[Opening Stored data section]
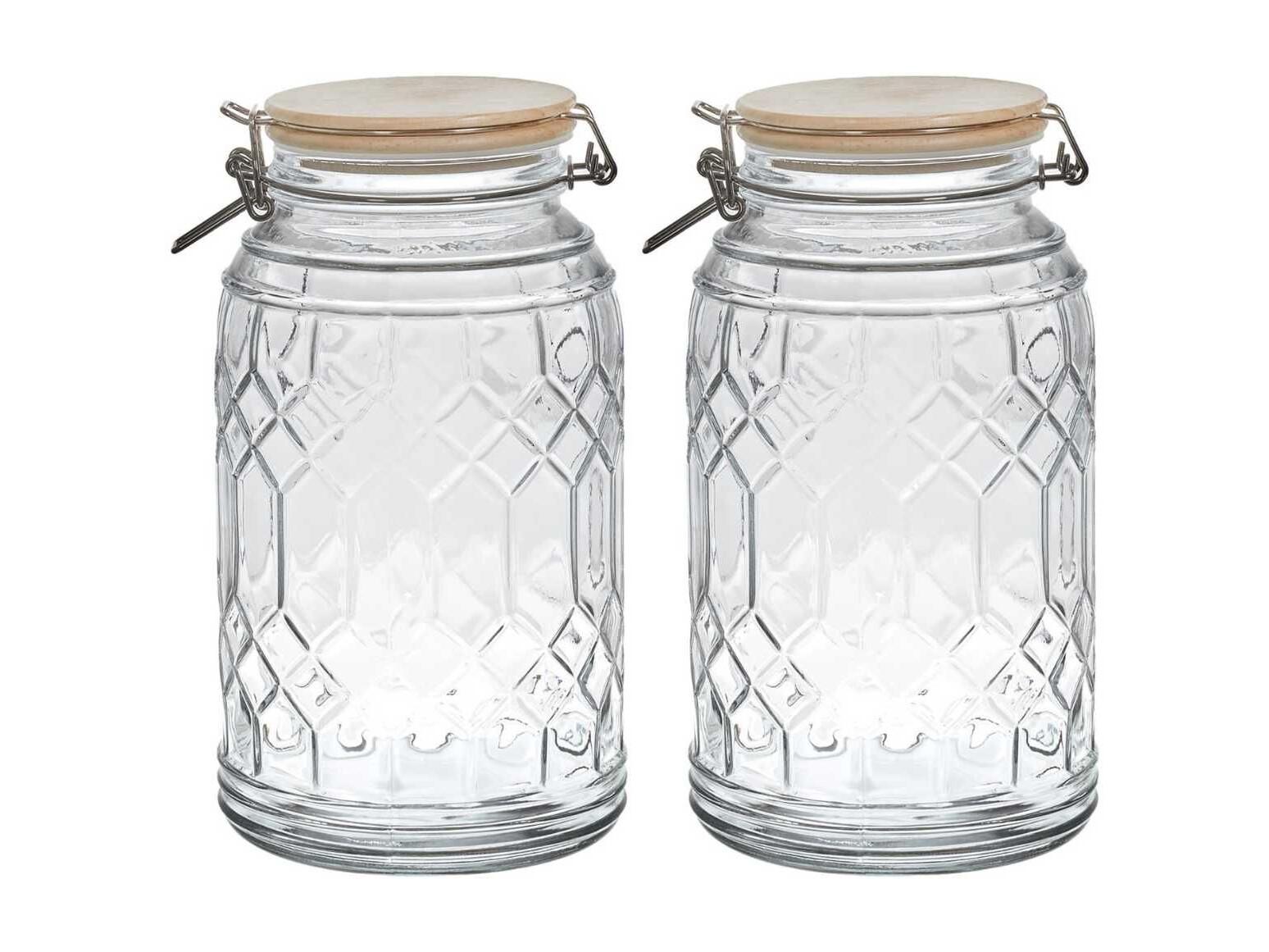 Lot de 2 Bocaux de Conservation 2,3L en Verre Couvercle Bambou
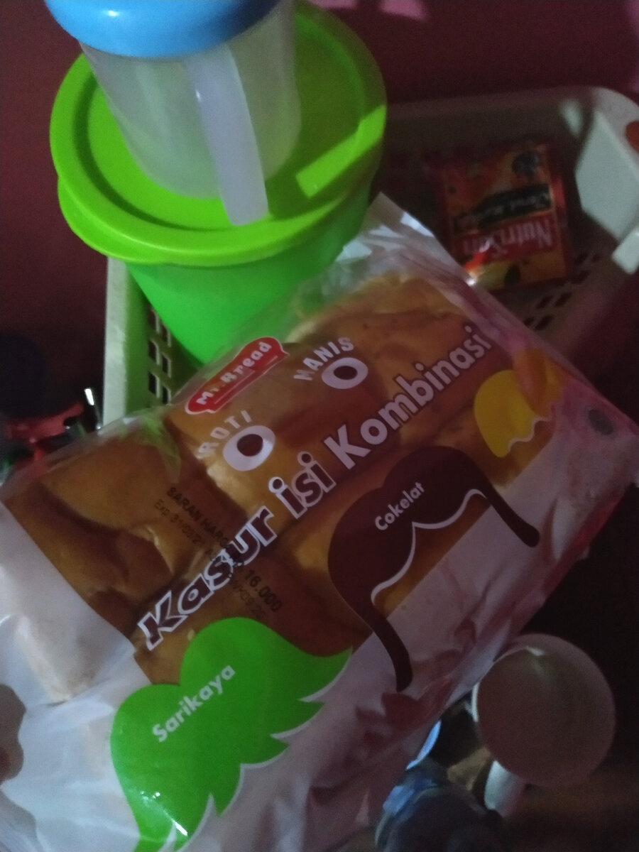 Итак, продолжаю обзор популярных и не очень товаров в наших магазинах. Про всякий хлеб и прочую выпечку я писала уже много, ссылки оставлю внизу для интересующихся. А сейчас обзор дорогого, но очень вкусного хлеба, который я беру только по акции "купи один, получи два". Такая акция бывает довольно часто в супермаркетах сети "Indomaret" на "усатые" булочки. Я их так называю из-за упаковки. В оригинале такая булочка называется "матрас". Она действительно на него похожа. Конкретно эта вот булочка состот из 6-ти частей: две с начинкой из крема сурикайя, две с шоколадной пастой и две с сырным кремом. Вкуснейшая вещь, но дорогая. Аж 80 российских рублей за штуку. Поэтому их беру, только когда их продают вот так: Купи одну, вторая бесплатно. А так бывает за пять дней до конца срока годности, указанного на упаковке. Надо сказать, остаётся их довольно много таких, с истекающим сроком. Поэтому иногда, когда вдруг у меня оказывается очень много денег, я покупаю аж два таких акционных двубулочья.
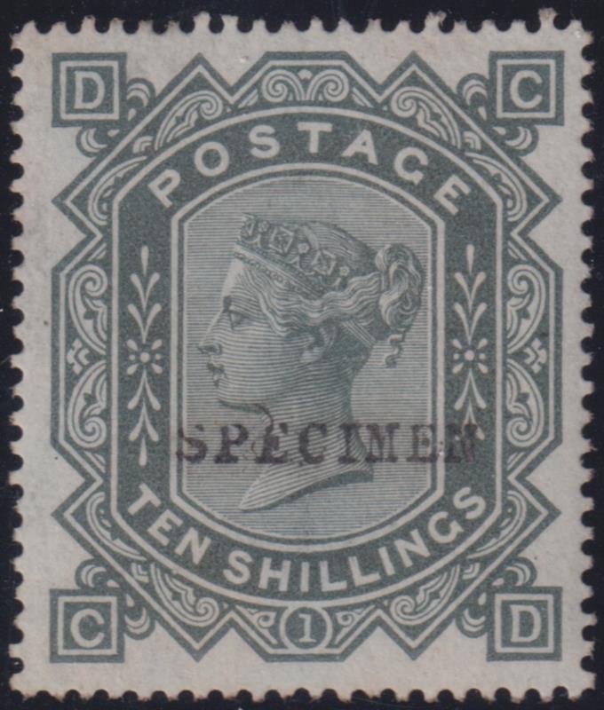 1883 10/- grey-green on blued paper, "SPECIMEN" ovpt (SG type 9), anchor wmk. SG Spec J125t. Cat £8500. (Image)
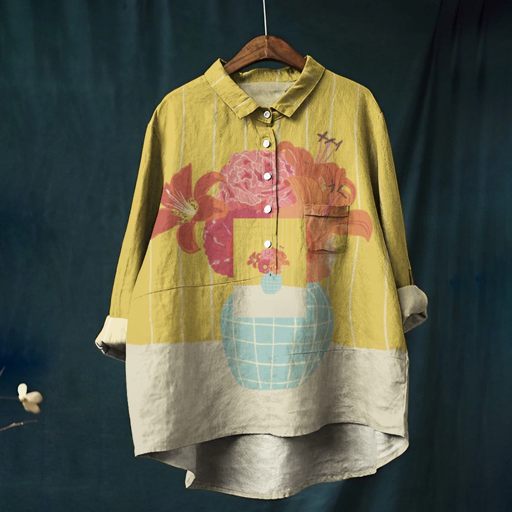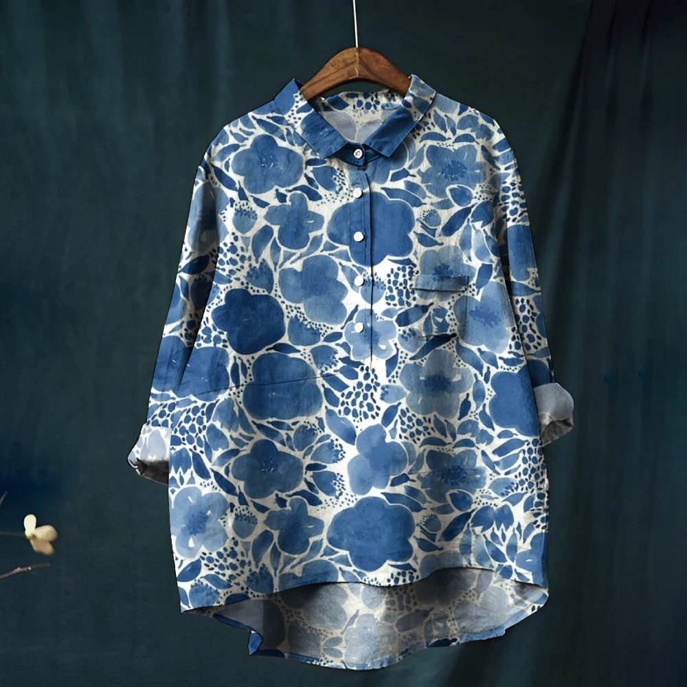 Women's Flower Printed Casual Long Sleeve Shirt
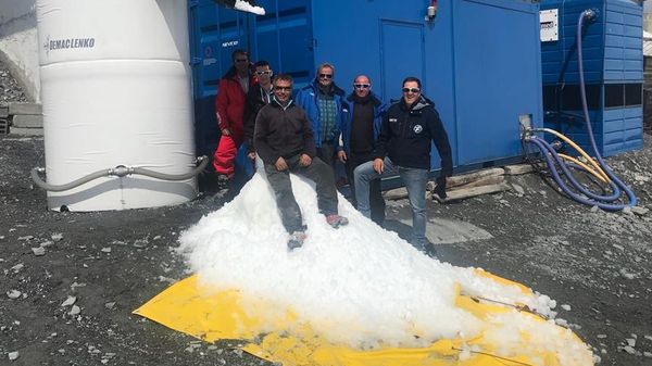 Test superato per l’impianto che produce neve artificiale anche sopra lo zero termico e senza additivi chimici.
[Closing Stored data section]
Exercise:
Return the entries above in full and unchanged, omitting every image.

Response to the task:
 Lot de 2 Bocaux de Conservation 2,3L en Verre Couvercle Bambou
 Итак, продолжаю обзор популярных и не очень товаров в наших магазинах. Про всякий хлеб и прочую выпечку я писала уже много, ссылки оставлю внизу для интересующихся. А сейчас обзор дорогого, но очень вкусного хлеба, который я беру только по акции "купи один, получи два". Такая акция бывает довольно часто в супермаркетах сети "Indomaret" на "усатые" булочки. Я их так называю из-за упаковки. В оригинале такая булочка называется "матрас". Она действительно на него похожа. Конкретно эта вот булочка состот из 6-ти частей: две с начинкой из крема сурикайя, две с шоколадной пастой и две с сырным кремом. Вкуснейшая вещь, но дорогая. Аж 80 российских рублей за штуку. Поэтому их беру, только когда их продают вот так: Купи одну, вторая бесплатно. А так бывает за пять дней до конца срока годности, указанного на упаковке. Надо сказать, остаётся их довольно много таких, с истекающим сроком. Поэтому иногда, когда вдруг у меня оказывается очень много денег, я покупаю аж два таких акционных двубулочья.
 1883 10/- grey-green on blued paper, "SPECIMEN" ovpt (SG type 9), anchor wmk. SG Spec J125t. Cat £8500. (Image)
 Women's Flower Printed Casual Long Sleeve Shirt
 Test superato per l’impianto che produce neve artificiale anche sopra lo zero termico e senza additivi chimici.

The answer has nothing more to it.